Thank you in advance

sequencing genome next-gen • 5.1k views

ADD COMMENT • link updated 3.0 years ago by LacquerHed ▴ 30 • written 7.4 years ago by valerie ▴ 100

Brian Bushnell · Answer 1 · 2016-12-04

1

Entering edit mode

7.4 years ago

Brian Bushnell 20k

You can do that with the BBMap package like this:

filterbyname.sh in=alignment.sam out=both.sam names=alignment_filtered.sam

That will give you all half-mapped pairs in the same file. For just the unmapped mates, you could filter it a second time with samtools, or with Reformat, like this:

reformat.sh in=both.sam out=unmapped.sam unmappedonly

ADD COMMENT • link 7.4 years ago by Brian Bushnell 20k

0

Entering edit mode

Thank you very much Brian! Do you know how could I build the insertion cite sequences using the unmapped reads? Have you ever worked with any de novo alignment tools? Or maybe it is better to map these reads to the reference genome? Thanks in advance.

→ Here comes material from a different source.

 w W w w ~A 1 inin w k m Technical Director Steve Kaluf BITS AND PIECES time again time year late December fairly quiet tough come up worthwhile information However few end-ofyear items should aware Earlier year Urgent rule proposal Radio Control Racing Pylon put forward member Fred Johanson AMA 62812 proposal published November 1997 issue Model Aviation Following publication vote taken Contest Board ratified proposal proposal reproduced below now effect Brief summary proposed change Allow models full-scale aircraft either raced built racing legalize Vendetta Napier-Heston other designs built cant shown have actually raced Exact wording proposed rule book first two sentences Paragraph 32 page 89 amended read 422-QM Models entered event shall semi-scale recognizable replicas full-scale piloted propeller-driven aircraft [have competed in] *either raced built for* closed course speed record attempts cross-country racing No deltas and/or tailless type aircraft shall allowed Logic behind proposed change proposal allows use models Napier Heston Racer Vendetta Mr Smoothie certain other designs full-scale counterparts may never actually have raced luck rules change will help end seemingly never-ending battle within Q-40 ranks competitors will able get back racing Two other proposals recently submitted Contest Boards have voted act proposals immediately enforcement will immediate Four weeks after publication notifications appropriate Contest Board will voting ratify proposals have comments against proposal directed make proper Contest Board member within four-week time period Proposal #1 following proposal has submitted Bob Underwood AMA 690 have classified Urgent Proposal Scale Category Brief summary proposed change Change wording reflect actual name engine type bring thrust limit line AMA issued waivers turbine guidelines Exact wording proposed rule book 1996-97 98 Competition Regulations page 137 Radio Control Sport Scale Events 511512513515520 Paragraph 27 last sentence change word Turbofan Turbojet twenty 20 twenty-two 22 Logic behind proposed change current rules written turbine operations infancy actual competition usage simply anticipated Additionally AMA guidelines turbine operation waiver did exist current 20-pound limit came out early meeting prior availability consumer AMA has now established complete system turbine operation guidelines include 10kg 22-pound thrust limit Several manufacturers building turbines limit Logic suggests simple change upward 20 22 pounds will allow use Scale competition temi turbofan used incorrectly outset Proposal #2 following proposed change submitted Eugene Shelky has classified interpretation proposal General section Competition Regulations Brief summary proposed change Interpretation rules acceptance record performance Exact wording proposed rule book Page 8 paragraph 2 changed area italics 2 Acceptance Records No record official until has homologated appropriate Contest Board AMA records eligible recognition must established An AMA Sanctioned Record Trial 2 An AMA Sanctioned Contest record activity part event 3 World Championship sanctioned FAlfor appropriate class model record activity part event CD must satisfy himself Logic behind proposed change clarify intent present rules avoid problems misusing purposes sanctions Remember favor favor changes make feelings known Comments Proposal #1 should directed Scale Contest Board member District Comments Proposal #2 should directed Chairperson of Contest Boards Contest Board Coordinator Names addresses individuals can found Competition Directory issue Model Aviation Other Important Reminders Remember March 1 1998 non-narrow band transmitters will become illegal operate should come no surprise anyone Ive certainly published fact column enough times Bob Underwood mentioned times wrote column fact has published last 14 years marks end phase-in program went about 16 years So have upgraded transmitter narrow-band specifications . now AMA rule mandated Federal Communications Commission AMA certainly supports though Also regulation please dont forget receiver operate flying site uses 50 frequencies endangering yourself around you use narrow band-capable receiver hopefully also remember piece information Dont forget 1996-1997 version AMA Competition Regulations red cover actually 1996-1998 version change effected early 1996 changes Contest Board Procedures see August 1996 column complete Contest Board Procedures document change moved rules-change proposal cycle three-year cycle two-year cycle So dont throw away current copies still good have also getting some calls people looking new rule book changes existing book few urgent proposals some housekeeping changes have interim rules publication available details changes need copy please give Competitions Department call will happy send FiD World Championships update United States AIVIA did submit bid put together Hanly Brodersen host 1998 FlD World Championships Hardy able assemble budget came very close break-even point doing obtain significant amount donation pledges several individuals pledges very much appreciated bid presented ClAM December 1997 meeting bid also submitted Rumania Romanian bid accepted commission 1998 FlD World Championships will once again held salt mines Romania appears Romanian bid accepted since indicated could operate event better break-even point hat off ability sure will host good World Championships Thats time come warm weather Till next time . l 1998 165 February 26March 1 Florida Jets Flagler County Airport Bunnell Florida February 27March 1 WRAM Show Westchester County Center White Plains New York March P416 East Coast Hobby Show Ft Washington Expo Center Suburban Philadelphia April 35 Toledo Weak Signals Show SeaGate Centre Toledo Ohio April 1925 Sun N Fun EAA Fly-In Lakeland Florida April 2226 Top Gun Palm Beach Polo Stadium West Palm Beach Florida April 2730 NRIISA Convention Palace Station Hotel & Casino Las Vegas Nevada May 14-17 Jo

ADD REPLY • link 7.4 years ago by valerie ▴ 100

1

Entering edit mode

I would do this:

bbmap.sh in1=r1.fq in2=r2.fq outm=eitherMapped.fq ref=insertion.fasta
tadpole.sh in=eitherMapped.fq out=assembled.fa

That will give you the insertion and its genomic context assembled together. Alternatively, rather than assembling, you could re-map the insert-mapped reads to the reference:

bbmap.sh in=eitherMapped.fq out=genomeMapped.sam bs=bs.sh

Running the generated shellscript bs.sh will generate a sorted, indexed bam file that you can observe in a genome browser (as suggested by Genomax) such as IGV, which will clearly show the exact site of the insertion.

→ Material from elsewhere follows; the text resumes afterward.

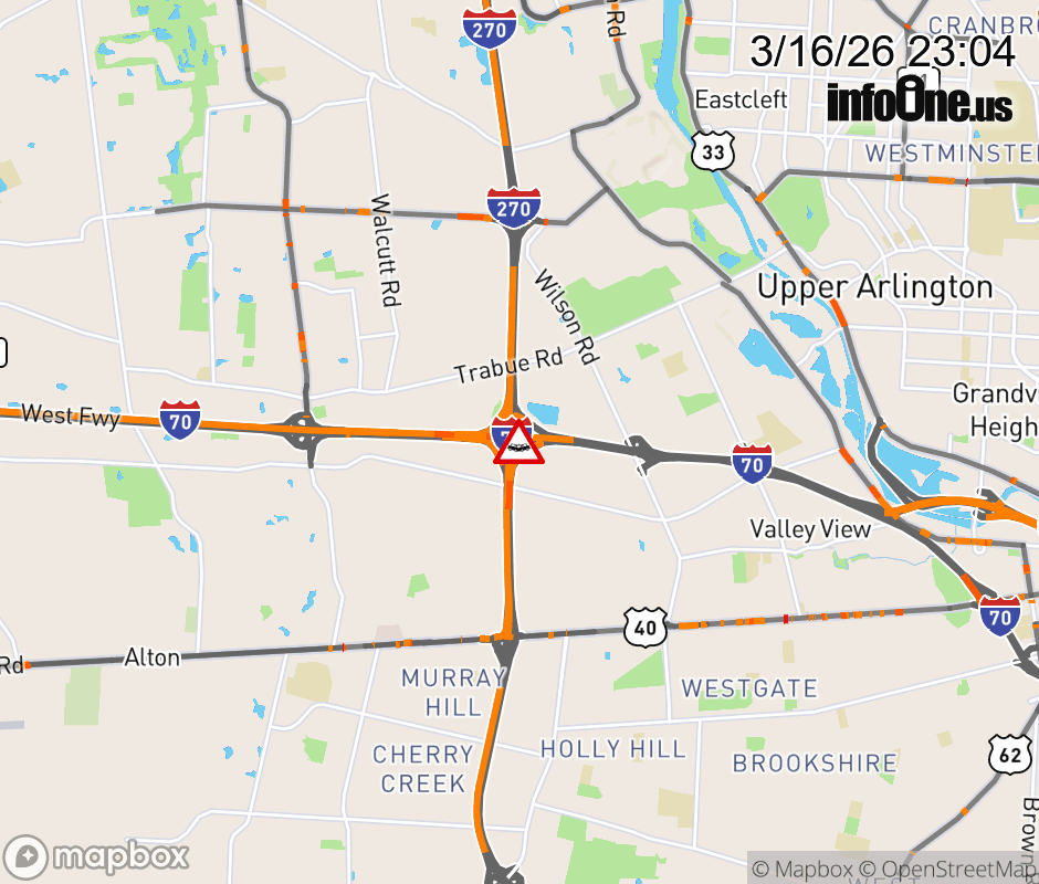 Ramp I-70 East to I-270 North CLOSED because of a crash. ![]() |

ADD REPLY • link 7.4 years ago by Brian Bushnell 20k

0

Entering edit mode

Thank you very much, Brian! I just realized that this is you, who developed this aligner! Amazing! :) May I ask you one more question? As far as I understand bbmap is developed for short reads and my reads are length of 100. Is it ok?

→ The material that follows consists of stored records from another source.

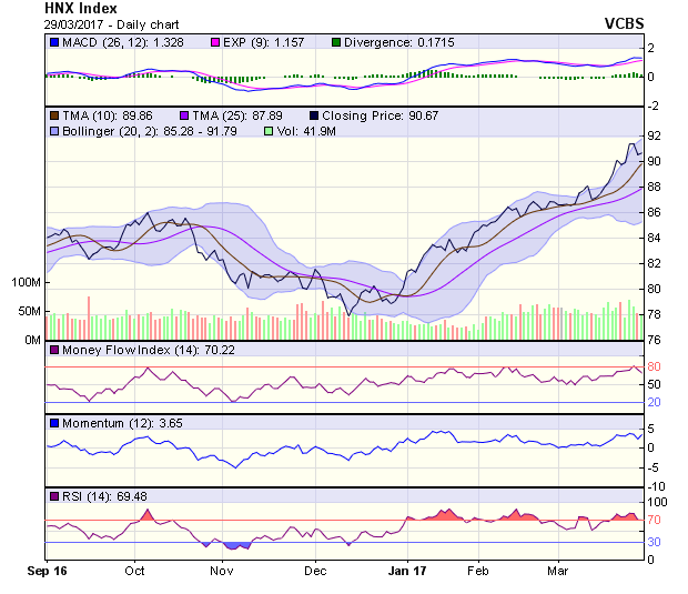 HNX-Index cũng hồi phục nhẹ trở lại sau phiên điều chỉnh 28/3. Tín hiệu kỹ thuật trong ngắn hạn tiếp tục là trung tính, với hỗ trợ gần nhất tại 89,9 điểm (MA10) và kháng cự gần nhất tại 90,8 điểm (MA5). Tín hiệu kỹ thuật trong trung hạn duy trì tích cực, với hỗ trợ gần nhất tại 88,5 điểm (MA20).
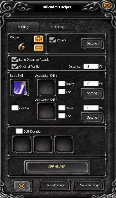 MU Helper is a built-in automated assistant in MU Online that allows the character to automatically fight monsters, use skills and potions, and pick up items based on configured settings. It is designed to simplify farming and leveling without constant manual control.
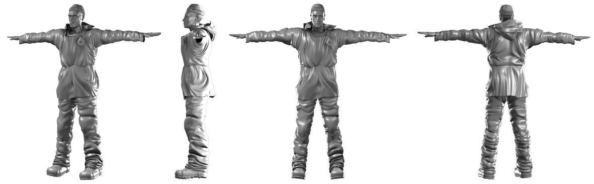 Pues yo por llevar la contraria te diré que, aunque me gusta el modelo me parece que la ropa tiene demasiados pliegues, todo depende del material del que este hecho, pero por la pinta del modelo parece de esos trajes de aguas que llevan los marineros, las arrugas no son tan profundas y la ropa tiene ángulos más cerrados, eso siguiendo el realismo, pero como modelo estilizado sí que me gusta ese montón de pliegues en la ropa.
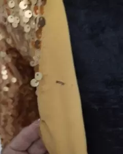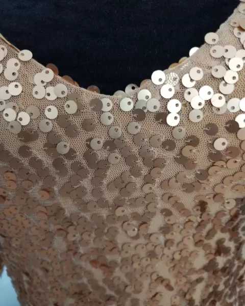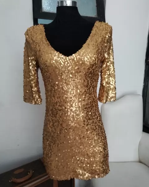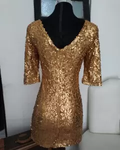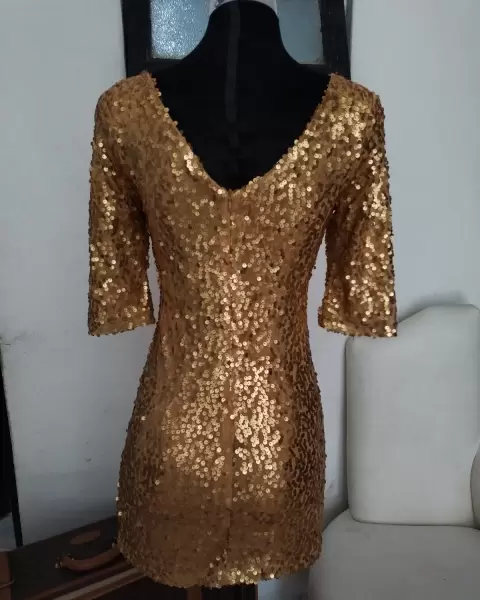 Vestido corto CH-M de lentejuela dorada, la tela da un poco de si para lograr una hermosa figura, tiene un detalle en el forro interior, un pequeño agujero por arrancar mal la etiqueta( no se nota por fuera).

ADD REPLY • link 7.4 years ago by valerie ▴ 100

1

Entering edit mode

bbmap will align reads of any length up to 6kbp (you will need to use mapPacbio.sh variant for reads over 600bp).

ADD REPLY • link updated 7.4 years ago by Brian Bushnell 20k • written 7.4 years ago by GenoMax 141k

0

Entering edit mode

Hi guys. I finally finished the computations and generated both assembled.fa and genomeMapped.sam for two of my insertion sequences. Now I want to look at genomeMapped.sam using IGV. I've opened the sam file and noticed that RNAME there is the name of my insertion sequence. How can I see the insertion site on my reference genome then?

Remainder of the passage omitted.